• Extracted records:
***

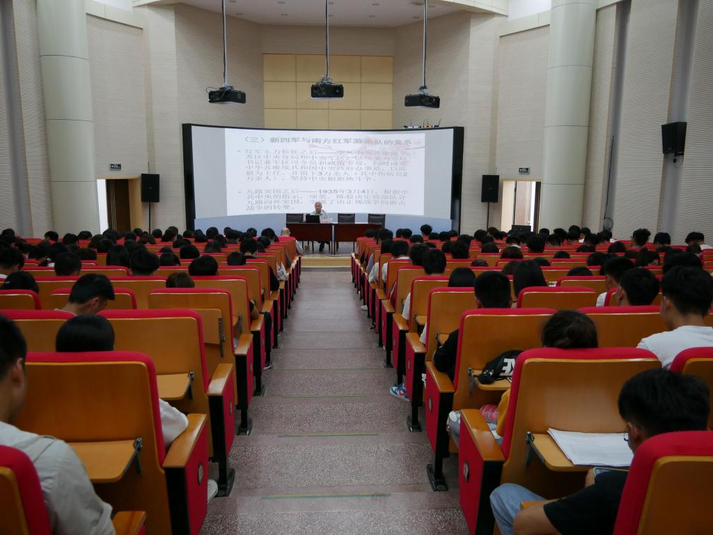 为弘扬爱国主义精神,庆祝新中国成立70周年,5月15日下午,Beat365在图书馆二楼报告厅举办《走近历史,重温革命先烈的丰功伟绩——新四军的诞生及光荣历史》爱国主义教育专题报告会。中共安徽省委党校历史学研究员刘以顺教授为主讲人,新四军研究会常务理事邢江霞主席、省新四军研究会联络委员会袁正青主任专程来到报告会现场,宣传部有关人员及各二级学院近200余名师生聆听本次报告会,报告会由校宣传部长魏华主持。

***

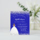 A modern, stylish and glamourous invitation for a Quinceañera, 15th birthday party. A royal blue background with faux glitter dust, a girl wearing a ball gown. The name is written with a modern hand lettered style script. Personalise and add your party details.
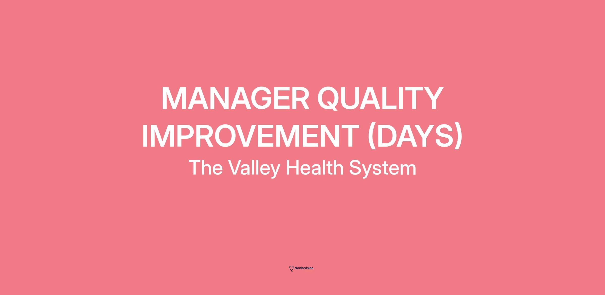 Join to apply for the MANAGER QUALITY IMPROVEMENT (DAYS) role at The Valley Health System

***

• Task requirements:
In the listing above, find the line containing "A modern, stylish" and the line containing "Join to apply"; print those lines and every line between them exactly, leaving out pictures.

• Solution to this exercise:
 A modern, stylish and glamourous invitation for a Quinceañera, 15th birthday party. A royal blue background with faux glitter dust, a girl wearing a ball gown. The name is written with a modern hand lettered style script. Personalise and add your party details.
 Join to apply for the MANAGER QUALITY IMPROVEMENT (DAYS) role at The Valley Health System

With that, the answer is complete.